These are the key concepts you need to understand to accurately answer the question.

Internal Energy Change
The concept of Internal Energy Change is fundamental in understanding thermodynamics. It represents the total change in a system's energy state. This change, denoted by \( \Delta U \), can result from the energy the system exchanges with its surroundings. It can occur in the form of heat \( Q \) or work \( W \) done on or by the system.

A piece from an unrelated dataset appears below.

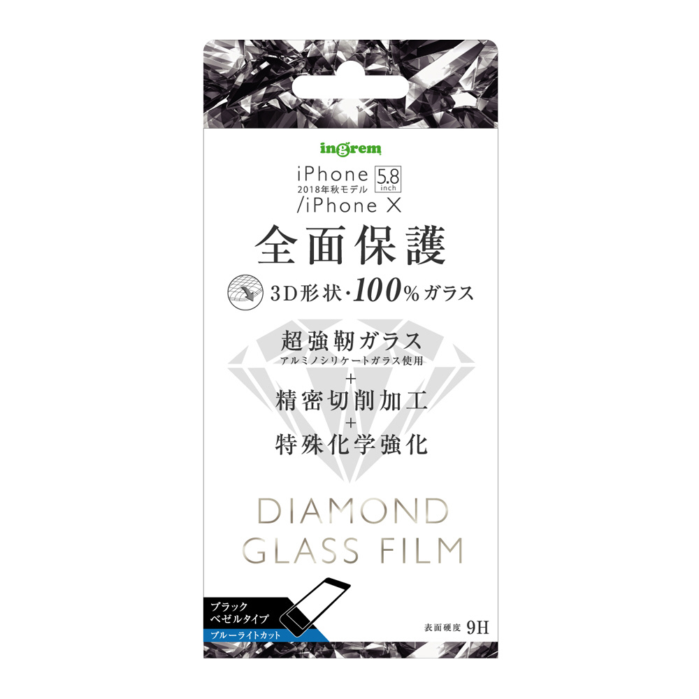 iPhone XS 5.8インチモデル ダイヤモンド ガラスフィルム 3D 9H アルミノシリケート 全面保護 ブルーライトカット /ブラック IN-P20RFG/DMB

In our exercise, for instance, the system is said to have a change in internal energy of \( \Delta U = 100 \, \text{J} \). This change is resultant of the heat and work interactions with the environment. When no work is done by or on the system, it simply means all of the energy change is due to heat transfer, leaving the internal energy increased by the heat amount \( Q \).
Work Done by System
When discussing the topic of Work Done by System, it's essentially energy transferred by the system to its surroundings. If the system expands against an external pressure, for example, it does work on the surroundings, which leads to a decrease in the system's internal energy.

In the exercise, when the system does 200J of work, it loses that amount of energy, hence the negative sign in the mathematical expression \( W = 200J \). This action decreases its internal energy, which is why we calculate \( \Delta U \) as being \( -100J \) in part (b). The key is to recognize that work done by the system reduces its internal energy.
Heat Transfer
Heat Transfer is energy in transit due to a temperature difference. Whenever heat is added to a system, its internal energy increases unless the system does work to dissipate the energy. Conversely, if the system loses heat, its internal energy decreases.

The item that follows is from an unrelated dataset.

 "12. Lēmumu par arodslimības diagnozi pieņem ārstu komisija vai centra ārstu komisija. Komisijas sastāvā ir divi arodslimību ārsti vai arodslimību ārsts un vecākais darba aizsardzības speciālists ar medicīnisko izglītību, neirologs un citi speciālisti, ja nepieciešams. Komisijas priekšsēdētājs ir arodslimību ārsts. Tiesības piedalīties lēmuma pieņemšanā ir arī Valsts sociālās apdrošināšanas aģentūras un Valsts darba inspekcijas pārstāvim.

In the context of our exercise, the system releases \( 100 \, \text{J} \) of heat. If no work is done, as in part (a), that energy is directly subtracted from the system's internal energy. However, if work is involved, as in parts (b), (c), and (d), we must consider both heat and work to determine the net change in internal energy.
Thermodynamic Processes
Exploring Thermodynamic Processes reveals how systems evolve between different states. These processes involve changes in internal energy (\( \Delta U \)), heat transfer (\( Q \)), and the work done (\( W \)) by or on the system. The first law of thermodynamics is the guiding principle, stating that energy can neither be created nor destroyed, only transformed.

The processes described in our exercise represent different thermodynamic scenarios. In parts (a) and (b), the system evolves without external work, while in (c) and (d), it experiences work done on it, illustrated by the positive change in internal energy. These variations show how energy balance is maintained according to the first law of thermodynamics.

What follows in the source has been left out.